Normally, in secondary prevention, you focus your efforts solely on the people who have the problem. However, when two-thirds of the population have it, you may as well treat the whole population, because making exceptions for those who don’t have the problem may simply not be practical. When most people have iodine deficiency, supplementing foods with iodine makes sense, even if this means that some people who do not need more iodine will get more iodine (thereby slightly increasing their risk for hyperthyroidism).
But moving to secondary prevention also means using different and more intense interventions. Thus in the secondary prevention of heart attacks, it is no longer simply enough to cut out the salt and add 20 mins of exercise to your day. After that first heart attack, you definitely want to make sure that your blood pressure and cholesterol levels are well controlled, even if this means increasing your dose of medications. And we are no longer talking about smoking less – no, after that heart attack, smoking is an absolute “no-no”.
Similarly, in the secondary prevention of obesity, simply eating more fruit and vegetables or walking more steps will not be enough. It is likely going to take far more drastic changes to your diet and to your activity levels to halt progression or reverse your condition. Effective weight management is neither easy nor simple (if it was simple for you, you’d be in the weight-resistant category in the first place). Now that you already have the problem, you will need special attention, special dedication, perhaps even special treatments to stop gaining more weight and hopefully lose some of that excess weight and keep it off. To some readers, secondary prevention may sound much more like treatment than prevention – this is because secondary prevention is in fact far closer to treatment than prevention.
Indeed, moving to secondary prevention requires a drastic rethinking in how we address the overweight and obesity epidemic at a population level. The question no longer is, how to help thin people stay thin.

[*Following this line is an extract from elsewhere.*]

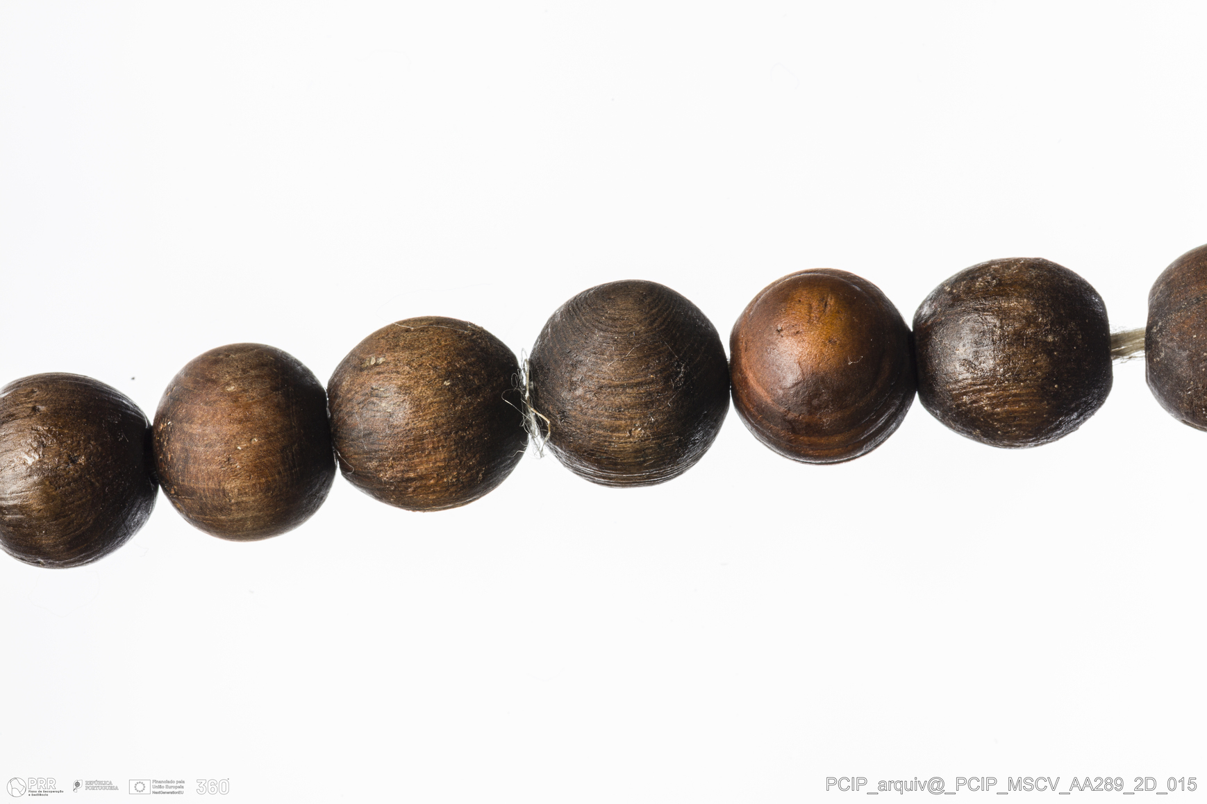 Matéria/Técnica: Madeira; Cronologia: Século XVI-Século XVII; Autoria: Desconhecida; Dimensões: Comprimento total: 140mm; Diâmetro uma conta do AA289: 11,5mm; Diâmetro uma conta AA290: 14,5mm.

The question now is, how to help overweight and obese people not gain any more weight and perhaps receive treatments that will help them lose some of that excess weight and keep it off.

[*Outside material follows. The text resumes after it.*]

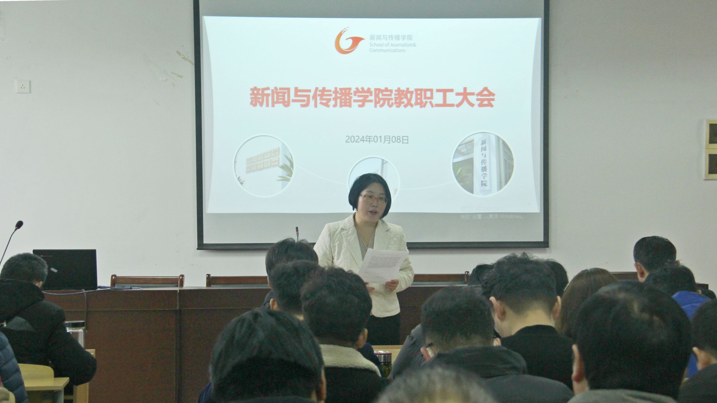 1月8日下午,bat365在线中国登录入口召开全体教职工大会,会议由党委书记张师帅主持,学院领导班子与全体教职工参加会议。

This may still mean we need to rebuild our neighbourhoods, deal with food insecurity, improve our diets, promote physical activity, and everything else that we should have done years ago at the first sign of the epidemic. But, because today we should no longer be worrying about primary prevention (which may have been easier had we actually done it), we will need far greater resolve and efforts to support far more radical changes at a societal level (not dissimilar the lengths we go to to remove peanuts from schools) to begin seeing clinically significant changes in weight at a population level – I purposely use the term “clinical”, because we now talking of disease control rather than disease prevention.
Skeptics may ask, “But what about the children? Is there not still time for primary prevention there?” To them my answer is that I do not for an instant believe that we will make a dent in the childhood obesity epidemic without first (or at least concurrently) addressing adult obesity (see previous post on this). Thus, probably the best primary prevention for childhood obesity simply takes us back to more secondary prevention for their parents.
Simply distributing more condoms in a population where most people already carry HIV is a waste of perfectly good condoms. It’s now time to put the anti-retrovirals in the drinking water.